The United States and its agencies are immune from suit absent an express congressional waiver, and the plaintiff bears the burden of establishing that a claim falls within an applicable waiver; a generalized 'negligence' argument does not waive sovereign immunity.
“The United States and its agencies, including the SEC, are immune from suit unless ‘Congress has expressly waived sovereign immunity.’”
Motion outcomes
Counted from classified signed orders only. Percentages are shown only where the sample is large enough to be meaningful; smaller samples are reported as raw counts.
| Motions to dismiss N = 2 |
Granted: 1Moot / procedural: 1 | counts only |
| Summary judgment N = 1 |
Moot / procedural: 1 | counts only |
| Motions to remand N = 1 |
Granted: 1 | counts only |
A "1 of 1" is one ruling, not a tendency. Treat small samples as illustrative, not predictive.
Signed rulings
A grounded sample of orders signed by this judge, with the verbatim dispositive language.

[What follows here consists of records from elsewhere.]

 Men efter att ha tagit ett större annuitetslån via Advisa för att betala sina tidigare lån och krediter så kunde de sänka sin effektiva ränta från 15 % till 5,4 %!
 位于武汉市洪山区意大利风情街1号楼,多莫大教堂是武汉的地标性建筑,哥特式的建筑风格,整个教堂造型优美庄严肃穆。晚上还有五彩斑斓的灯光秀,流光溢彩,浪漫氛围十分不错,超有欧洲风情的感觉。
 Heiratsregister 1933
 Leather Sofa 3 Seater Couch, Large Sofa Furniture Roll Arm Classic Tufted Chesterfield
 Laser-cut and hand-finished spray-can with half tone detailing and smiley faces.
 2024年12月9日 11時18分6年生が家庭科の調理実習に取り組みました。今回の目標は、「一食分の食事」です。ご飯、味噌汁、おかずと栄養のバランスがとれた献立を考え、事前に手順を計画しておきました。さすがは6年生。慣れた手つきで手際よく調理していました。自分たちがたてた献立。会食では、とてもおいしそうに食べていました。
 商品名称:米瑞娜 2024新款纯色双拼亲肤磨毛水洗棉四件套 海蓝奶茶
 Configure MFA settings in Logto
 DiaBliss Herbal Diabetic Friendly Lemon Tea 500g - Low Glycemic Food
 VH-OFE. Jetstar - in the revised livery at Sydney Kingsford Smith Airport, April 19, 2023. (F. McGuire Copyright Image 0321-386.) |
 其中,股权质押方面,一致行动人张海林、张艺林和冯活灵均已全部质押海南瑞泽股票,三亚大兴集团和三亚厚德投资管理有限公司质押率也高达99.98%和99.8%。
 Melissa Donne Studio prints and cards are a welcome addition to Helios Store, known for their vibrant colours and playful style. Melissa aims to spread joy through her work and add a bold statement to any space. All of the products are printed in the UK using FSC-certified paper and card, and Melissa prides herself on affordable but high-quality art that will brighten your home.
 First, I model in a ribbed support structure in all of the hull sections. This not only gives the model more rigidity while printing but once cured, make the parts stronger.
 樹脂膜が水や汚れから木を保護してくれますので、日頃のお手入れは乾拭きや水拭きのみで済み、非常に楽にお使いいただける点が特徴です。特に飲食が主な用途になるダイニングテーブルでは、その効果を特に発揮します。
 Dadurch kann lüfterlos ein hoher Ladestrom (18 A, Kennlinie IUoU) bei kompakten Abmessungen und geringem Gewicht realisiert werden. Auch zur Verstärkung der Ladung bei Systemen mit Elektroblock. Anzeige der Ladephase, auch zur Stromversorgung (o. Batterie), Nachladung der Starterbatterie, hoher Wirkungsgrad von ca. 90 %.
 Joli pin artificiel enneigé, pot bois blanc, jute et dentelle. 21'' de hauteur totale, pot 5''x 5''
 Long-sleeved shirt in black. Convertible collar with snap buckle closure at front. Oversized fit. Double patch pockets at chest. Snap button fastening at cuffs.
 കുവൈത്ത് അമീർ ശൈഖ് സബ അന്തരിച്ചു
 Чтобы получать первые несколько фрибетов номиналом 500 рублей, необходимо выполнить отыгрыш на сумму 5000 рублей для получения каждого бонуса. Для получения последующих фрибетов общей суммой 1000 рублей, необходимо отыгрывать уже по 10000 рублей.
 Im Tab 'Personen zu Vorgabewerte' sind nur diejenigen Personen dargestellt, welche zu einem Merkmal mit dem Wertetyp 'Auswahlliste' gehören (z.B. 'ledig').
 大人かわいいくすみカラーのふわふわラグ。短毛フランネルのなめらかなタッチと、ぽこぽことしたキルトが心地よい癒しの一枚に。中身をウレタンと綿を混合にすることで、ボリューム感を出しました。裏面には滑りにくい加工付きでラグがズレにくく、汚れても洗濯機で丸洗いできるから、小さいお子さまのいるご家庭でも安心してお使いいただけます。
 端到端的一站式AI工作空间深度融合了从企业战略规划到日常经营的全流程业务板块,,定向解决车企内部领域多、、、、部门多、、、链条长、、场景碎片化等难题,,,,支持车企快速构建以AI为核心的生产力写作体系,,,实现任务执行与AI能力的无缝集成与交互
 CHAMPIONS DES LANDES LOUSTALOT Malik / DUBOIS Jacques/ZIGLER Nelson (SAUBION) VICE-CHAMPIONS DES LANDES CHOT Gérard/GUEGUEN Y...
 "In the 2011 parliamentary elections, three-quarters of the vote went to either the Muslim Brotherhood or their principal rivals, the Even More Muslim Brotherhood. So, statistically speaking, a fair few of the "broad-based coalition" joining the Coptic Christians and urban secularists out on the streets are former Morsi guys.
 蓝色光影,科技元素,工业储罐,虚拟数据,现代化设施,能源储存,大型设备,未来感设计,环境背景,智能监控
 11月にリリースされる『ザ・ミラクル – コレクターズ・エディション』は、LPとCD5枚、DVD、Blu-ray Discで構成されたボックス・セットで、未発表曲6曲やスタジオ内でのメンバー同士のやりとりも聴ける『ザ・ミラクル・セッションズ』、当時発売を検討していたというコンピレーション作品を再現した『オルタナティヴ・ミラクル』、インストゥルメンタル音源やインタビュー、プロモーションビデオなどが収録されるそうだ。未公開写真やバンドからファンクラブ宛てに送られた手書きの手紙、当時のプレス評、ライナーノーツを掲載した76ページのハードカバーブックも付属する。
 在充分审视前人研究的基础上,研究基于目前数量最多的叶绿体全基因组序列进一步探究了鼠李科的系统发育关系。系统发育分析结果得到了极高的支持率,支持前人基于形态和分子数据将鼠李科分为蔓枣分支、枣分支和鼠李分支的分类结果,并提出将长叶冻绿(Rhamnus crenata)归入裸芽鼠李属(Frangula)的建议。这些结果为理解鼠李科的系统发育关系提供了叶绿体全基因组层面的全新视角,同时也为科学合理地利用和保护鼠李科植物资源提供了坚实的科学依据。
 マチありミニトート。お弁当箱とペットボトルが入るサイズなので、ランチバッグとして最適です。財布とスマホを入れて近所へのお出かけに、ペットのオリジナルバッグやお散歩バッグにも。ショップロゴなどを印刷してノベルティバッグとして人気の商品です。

“For the reasons set forth below, the Court GRANTS the SEC’s motion and dismisses the Amended Complaint without leave to amend, and DENIES as moot Pandya’s motion for summary judgment.”
“Accordingly, the Court also denies as moot Pandya’s motion for summary judgment.”
“For the following reasons, Plaintiff’s motion is GRANTED and Defendant’s motion is DENIED as moot.”
“Defendant’s motion to dismiss is DENIED without prejudice as moot.”
Sua sponte screening dismissal of the original pro se complaint (no party motion). Grounded in the docket entry text and the later opinion's procedural history: 'On January 12, 2024, the Court dismissed the Complaint sua sponte to the extent that it asserted claims on behalf of other entities ... sought the criminal prosecution of others ... and brought claims against the SEC that were barred under the doctrine of sovereign immunity.' Entry-3 ruling: 'The Court dismisses the Complaint for the reasons set forth above. However, the Court grants Plaintiff leave to amend the Complaint within 30 days from the date of this order.' Counted as an order read, not toward motion stats.
Caseload & timing
From public federal docket records for this judge.
Median case duration in the sampled dockets: 155 days (N = 10).
Median motion-to-ruling time: 27.5 days (N = 8).
Active, high-volume SDNY civil + criminal docket. Nature-of-suit mix observed across enumerated dockets (qualitative, not a census): a 2025-2026 surge of 463 Habeas Corpus - Alien Detainee petitions; recurring 446 ADA Title III (serial-tester) accessibility suits; 710 FLSA / labor; 820 Copyright and 840 Trademark (incl. 'Schedule A' IP-enforcement actions); 442 employment civil rights; securities (e.g. Heilbut v. Cassava Sciences); qui tam (United States v. Docusign); plus a criminal calendar and high-profile P.I. matters (e.g. Doe v. Combs). Among terminated CIVIL dockets, resolution is dominated by settlement and Rule 41 voluntary dismissal rather than merits ruling.